● TASK GOAL:
The expected output is every line of the data exactly as shown, minus the images.

● DATA EXCERPT:
== Segment start ==

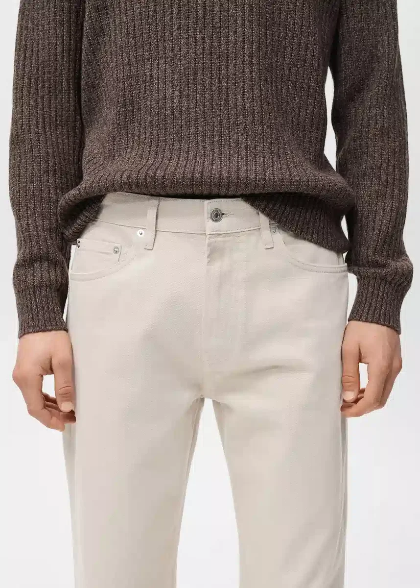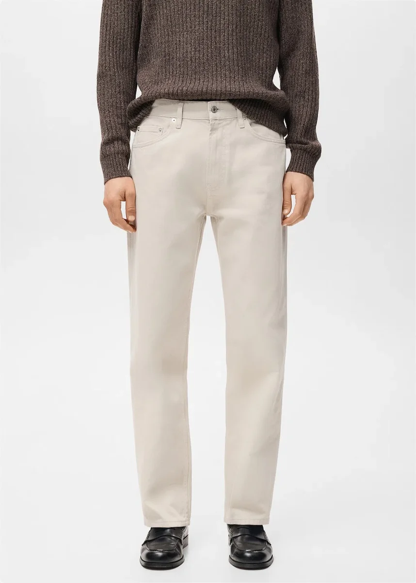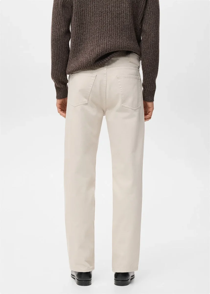 Vestibilità dritta. Tessuto 100% cotone stile denim. Due tasche anteriori. Tasca portamonete. Due tasche applicate sul retro. Passanti per cintura. Chiusura frontale con cerniera e bottone.
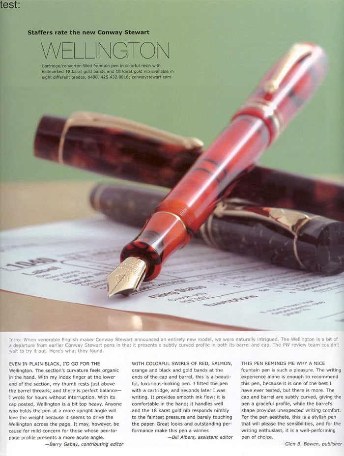 Cuando el venerable fabricante inglés Conway Stewart anunció un modelo completamente nuevo, naturalmente quedamos intrigados. La Wellington se aleja un poco de las anteriores plumas Conway Stewart en el sentido de que presenta un perfil sutilmente curvado tanto en el cuerpo como en el capuchón. El equipo de revisión de PW estaba ansioso por probarlo. Esto es lo que encontraron.
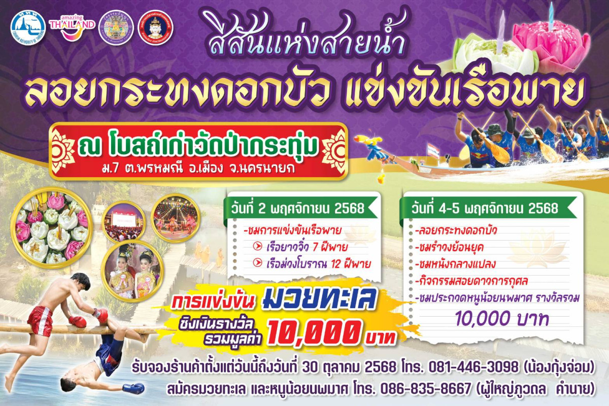 ThailandTravel | 4 Nov - 5 Nov 2025 เวลา 16:00 - 22:00 | 21 | ประเพณีไทยเดือนพฤศจิกายน ลอยกระทงนครนายก เที่ยววัดป่ากระทุ่ม ลอยกระทงดอกบัว สีสันแห่งสายน้ำ ประเพณีลอยกระทงโบราณ งานลอยกระทงภาคตะวันออก ที่เที่ยวหน้าหนาวนครนายก ตลาดโบราณย้อนยุค หนูน้อยนพมาศนครนายก โบสถ์กลางน้ำวัดป่ากระทุ่ม เทศกาลไทยนครนายก กิจกรรมลอยกระทง2568 เที่ยวงานวัดไทย Loy Krathong Nakhon Nayok Wat Pa Krathum Nakhon Nayok Loy Krathong River Festival Thai Cultural Event November Family Travel Thailand Colors of the River Festival Floating Temple Nakhon Nayok Things to do in Nakhon Nayok Thai River Festival 2025 Retro Thai Market Noppamas Pageant Thailand Sea Boxing Nakhon Nayok Thai Lantern Festival Travel Floating Lotus Ceremony Thai Culture Travel Guide Festivals in Eastern Thailand Local Thai Traditions 2025 Visit Nakhon Nayok Thailand
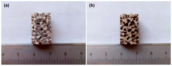 Macroscopic morphologies of (a) AZ91D alloy foams and (b) AZ91D hybrid foams.

== Segment end ==

● RESULT FOR THIS TASK:
 Vestibilità dritta. Tessuto 100% cotone stile denim. Due tasche anteriori. Tasca portamonete. Due tasche applicate sul retro. Passanti per cintura. Chiusura frontale con cerniera e bottone.
 Cuando el venerable fabricante inglés Conway Stewart anunció un modelo completamente nuevo, naturalmente quedamos intrigados. La Wellington se aleja un poco de las anteriores plumas Conway Stewart en el sentido de que presenta un perfil sutilmente curvado tanto en el cuerpo como en el capuchón. El equipo de revisión de PW estaba ansioso por probarlo. Esto es lo que encontraron.
 ThailandTravel | 4 Nov - 5 Nov 2025 เวลา 16:00 - 22:00 | 21 | ประเพณีไทยเดือนพฤศจิกายน ลอยกระทงนครนายก เที่ยววัดป่ากระทุ่ม ลอยกระทงดอกบัว สีสันแห่งสายน้ำ ประเพณีลอยกระทงโบราณ งานลอยกระทงภาคตะวันออก ที่เที่ยวหน้าหนาวนครนายก ตลาดโบราณย้อนยุค หนูน้อยนพมาศนครนายก โบสถ์กลางน้ำวัดป่ากระทุ่ม เทศกาลไทยนครนายก กิจกรรมลอยกระทง2568 เที่ยวงานวัดไทย Loy Krathong Nakhon Nayok Wat Pa Krathum Nakhon Nayok Loy Krathong River Festival Thai Cultural Event November Family Travel Thailand Colors of the River Festival Floating Temple Nakhon Nayok Things to do in Nakhon Nayok Thai River Festival 2025 Retro Thai Market Noppamas Pageant Thailand Sea Boxing Nakhon Nayok Thai Lantern Festival Travel Floating Lotus Ceremony Thai Culture Travel Guide Festivals in Eastern Thailand Local Thai Traditions 2025 Visit Nakhon Nayok Thailand
 Macroscopic morphologies of (a) AZ91D alloy foams and (b) AZ91D hybrid foams.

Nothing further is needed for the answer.